- Opening Delimiter -

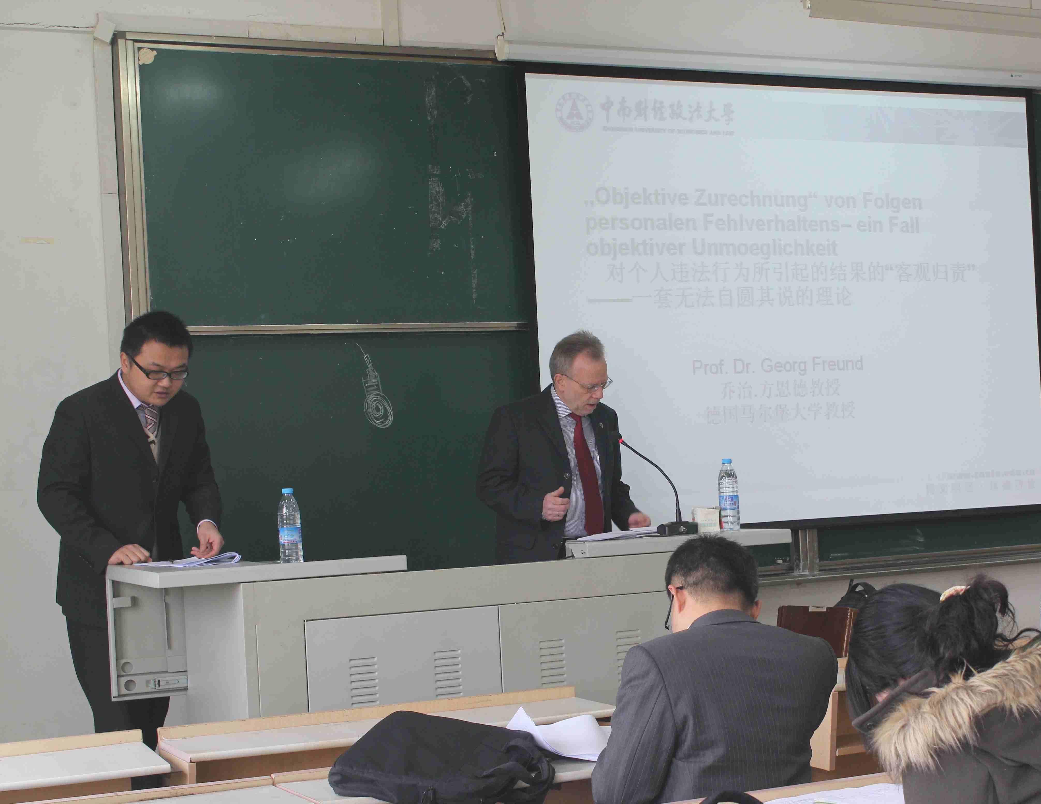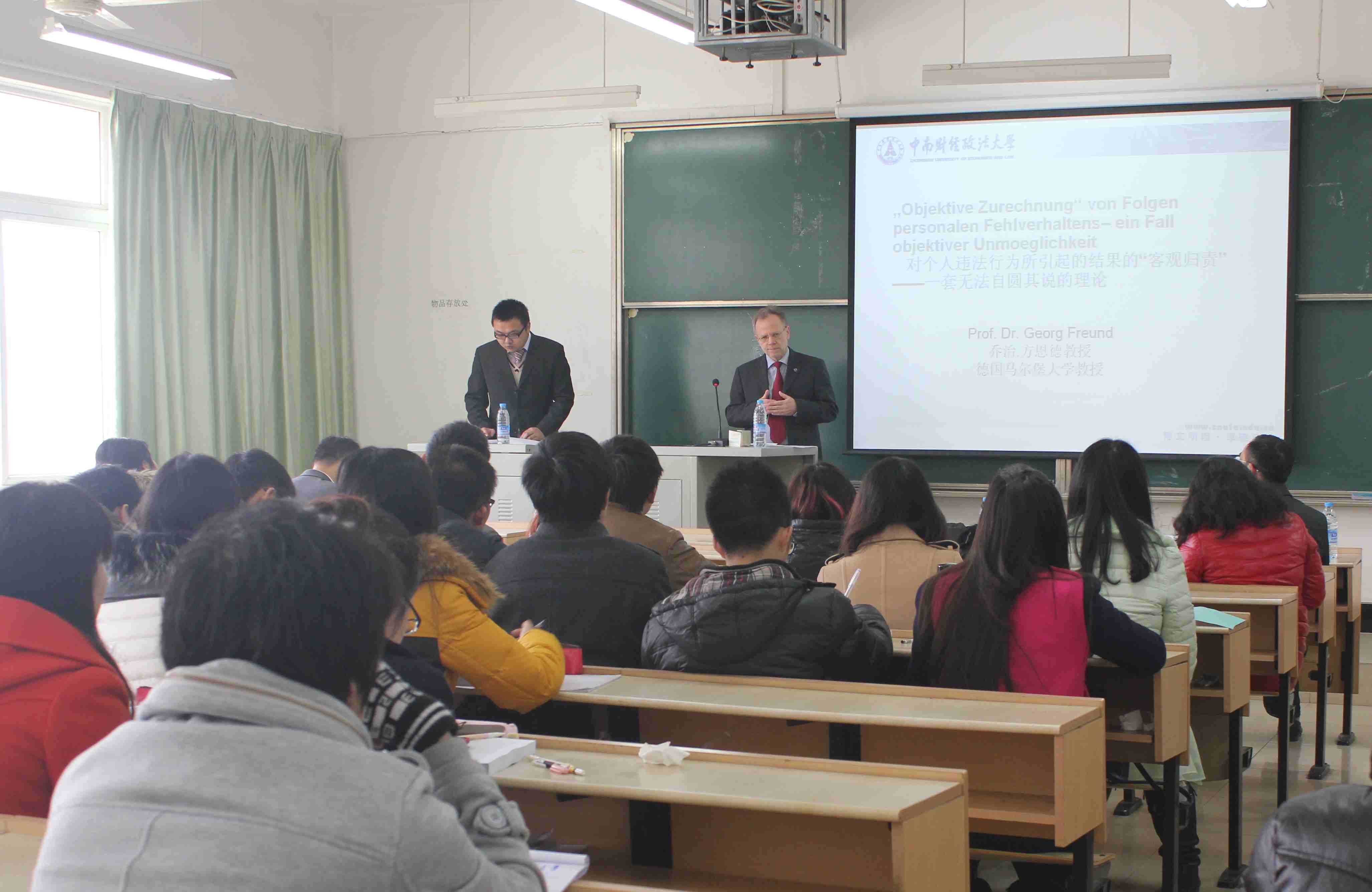 3月5日上午9点整,德国马尔堡大学Georg Freund教授在综合楼413教室为我院同学带来了一场主题为“对于个人违法行为所引起的结果的‘客观归责’——一套无法自圆其说的理论”的精彩讲座。我院副院长苏彩霞教授、副院长童德华教授、王安异副教授等老师出席了本次讲座。而来自德国马尔堡大学的张正宇先生担任此次讲座的翻译。
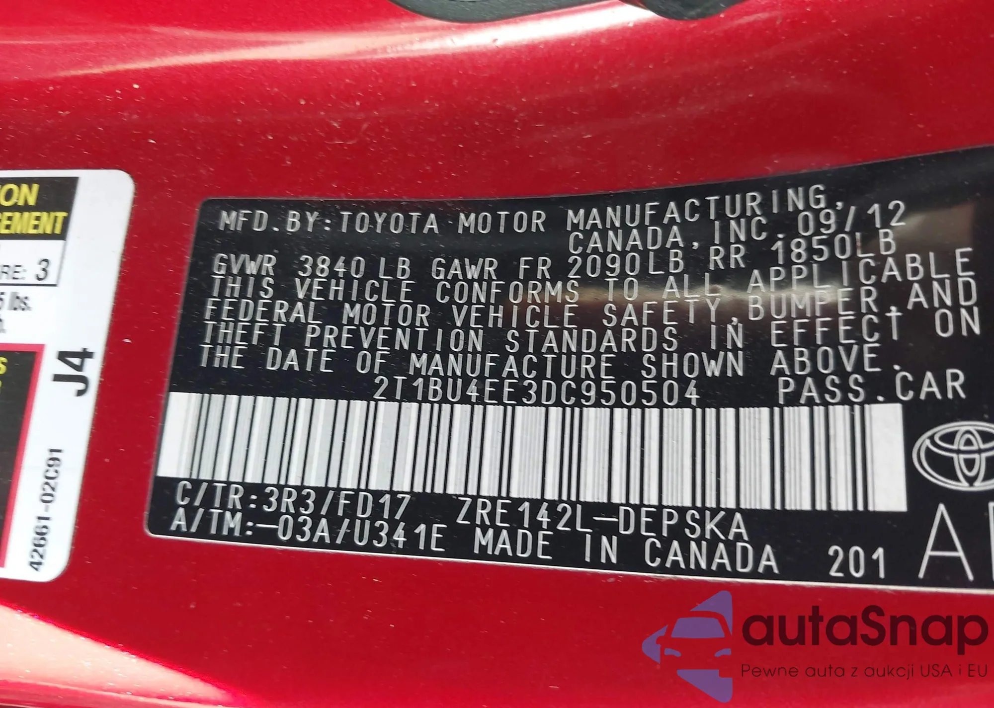 The car Toyota Corolla 2013 (VIN 2T1BU4EE3DC950504) has not been auctioned before. The documents are clean, and the mileage matches or is below the market average. Sold by an insurance company – we recommend purchase. Delivery to the port will take approx. 6–8 weeks.
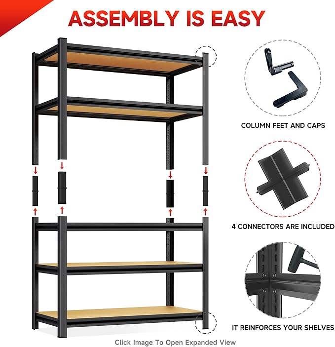 - 【Industrial-Strength Dual-Column Construction】 Built for maximum stability, our storage shelves feature double-layer steel columns that provide enhanced weight capacity and prevent wobbling. Unlike flimsy single-post racks, this heavy-duty dual-column design ensures rock-solid support, making it ideal for storing bulky garage tools, warehouse supplies, or pantry essentials with confidence.
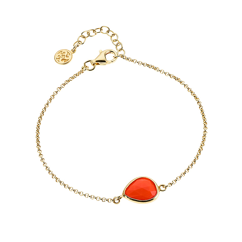 Adorn your wrist with one of our favorite pieces. This stunning bracelet features an orange color stone that will upgrade easily every look and make you feel beautiful all day. It is made by gold plated silver 925.
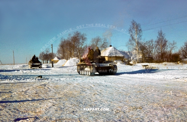 German Panzer Tank Model 3 with short barrel cannon in winter snow camouflage. 3Rd Panzer Division. Russia winter 1942
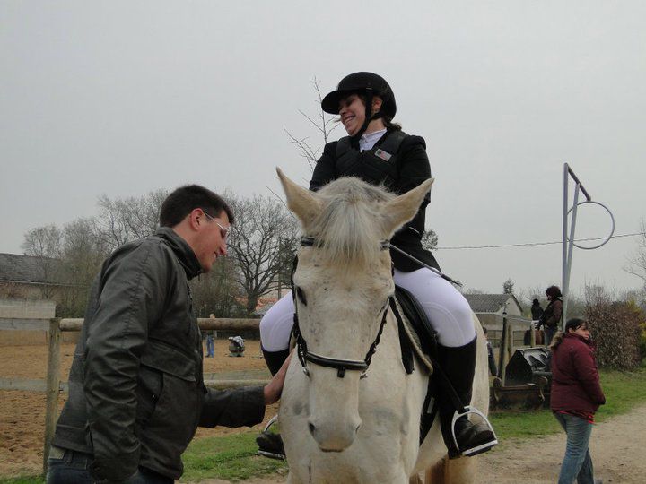 Déconnecté | J’ai regardé photos + video ! D’abord, tu as de la chance d’avoir pu repasser…quand tu m’as dis qu’il y avait eu un chien devant l’obstacle, je croyais qu’on allait le voir sur la photo lol ! Pas de mal la chute ? Ensuite, effectivement tu es stressée…ton bassin est complètement contractée, tu rebondis et t’accroche un peu aux rênes..bref j’ai fais la même lors de mon concours en octobre…le stress est un véritable parasite à cheval… Malgré tout, tu peux être contente, pour un premier tour, c’est déjà bien. Comme tu dis, il va falloir en faire et en refaire et tu verras qu’à force, tu auras beaucoup moins de stress et de pression. Je pense que si tu peux garder le gris au début pour tes premiers tours se serait pas mal, il va bien, y a juste à piloter…je pense que ca te donnerai confiance ! Les photos sont top, ca fait plaisir de te voir en concours !!! |
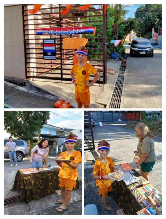 De lessen zijn niet altijd ver weg. Pas nog, gewoon in onze straat. Misha had bedacht dat hij een Nederlandse winkeltje wilde. Zomaar, één middagje. Na flink wat voorbereidingen kleurde het voor ons huis rood, wit, blauw en oranje. De klompen stonden klaar, Nederlandse tafereeltjes waren ingekleurd als ansichtkaart en een flinke stapel pannenkoeken was gebakken om verkocht te worden. En vergeet die enthousiaste 7-jarige Hollandse kerel niet! Maar…zoveel verkeer komt er niet door ons straatje en…zou iemand iets kopen…? Of zou dit een flinke teleurstelling worden? We hadden ons geen zorgen hoeven te maken. De buren links, buren rechts, buren van de overkant waren er al snel en zorgden ervoor dat de stapel pannenkoeken heel snel verdwenen was en zijn geldkistje gevuld. Want hier en daar stopten ze Misha zelfs nog wat extra Pesos toe. Misha helemaal blij en wij zijn dankbaar voor de lieve buren!Belang van de community
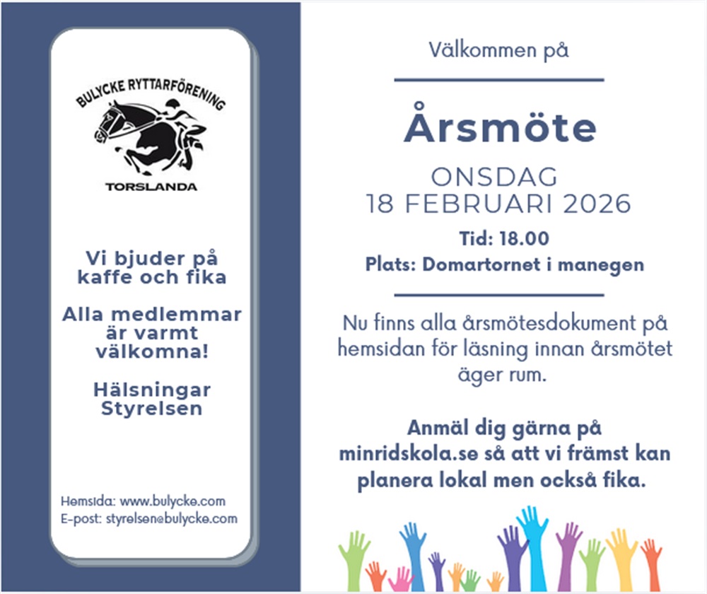 Vi ser gärna att ni som kommer på årsmötet anmäler er via minridskola.se. Detta för...
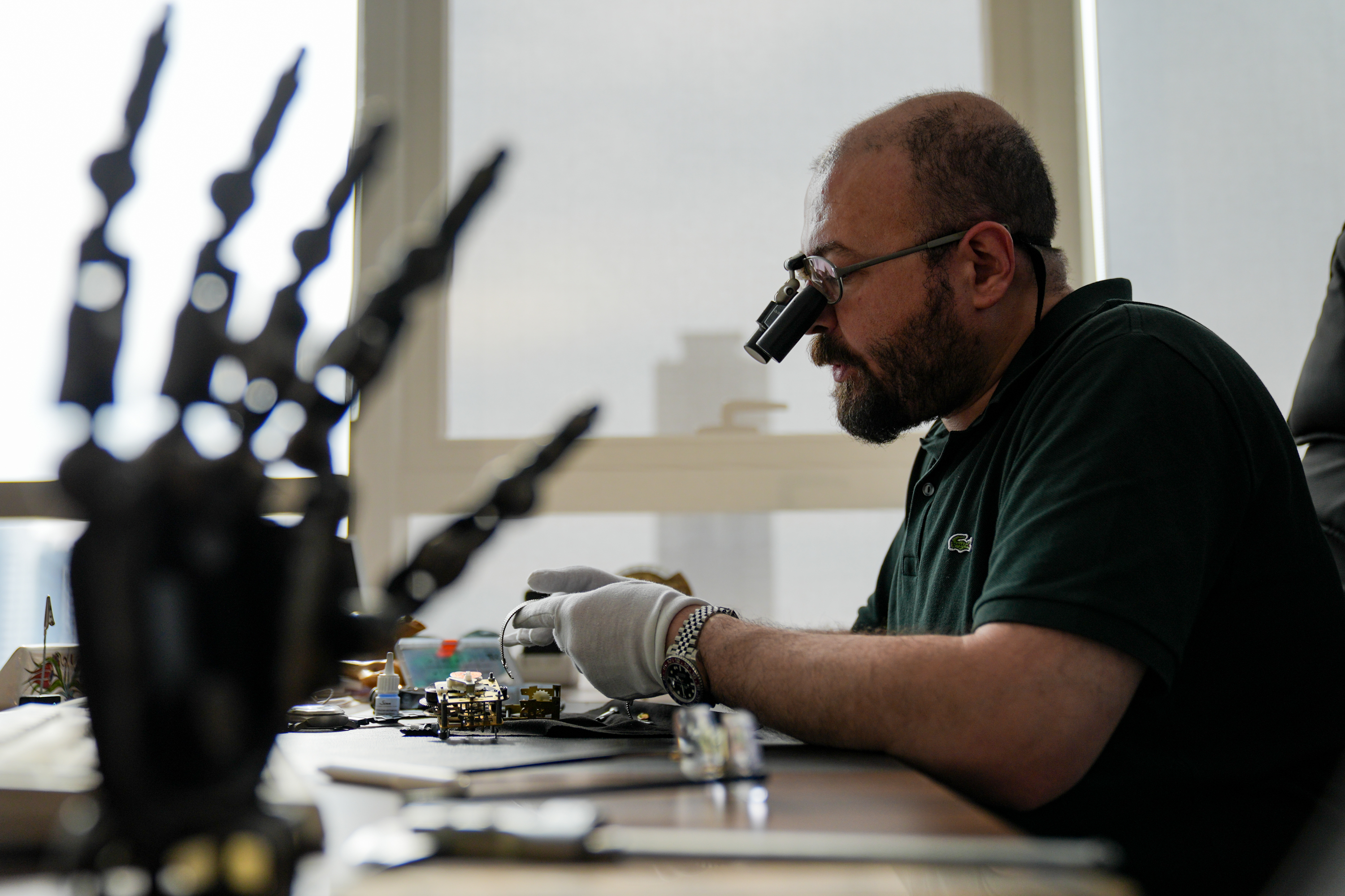 Ameliyat eder gibi tamir ediyor. Riskli ameliyatlarına saat tamir ederek hazırlanıyor

- Closing Delimiter -

> _What is required_
Without any pictures, reproduce the lines from the first one in the material through the line that has "German Panzer Tank", exactly as they appear.

> _Output of the task_
 3月5日上午9点整,德国马尔堡大学Georg Freund教授在综合楼413教室为我院同学带来了一场主题为“对于个人违法行为所引起的结果的‘客观归责’——一套无法自圆其说的理论”的精彩讲座。我院副院长苏彩霞教授、副院长童德华教授、王安异副教授等老师出席了本次讲座。而来自德国马尔堡大学的张正宇先生担任此次讲座的翻译。
 The car Toyota Corolla 2013 (VIN 2T1BU4EE3DC950504) has not been auctioned before. The documents are clean, and the mileage matches or is below the market average. Sold by an insurance company – we recommend purchase. Delivery to the port will take approx. 6–8 weeks.
 - 【Industrial-Strength Dual-Column Construction】 Built for maximum stability, our storage shelves feature double-layer steel columns that provide enhanced weight capacity and prevent wobbling. Unlike flimsy single-post racks, this heavy-duty dual-column design ensures rock-solid support, making it ideal for storing bulky garage tools, warehouse supplies, or pantry essentials with confidence.
 Adorn your wrist with one of our favorite pieces. This stunning bracelet features an orange color stone that will upgrade easily every look and make you feel beautiful all day. It is made by gold plated silver 925.
 German Panzer Tank Model 3 with short barrel cannon in winter snow camouflage. 3Rd Panzer Division. Russia winter 1942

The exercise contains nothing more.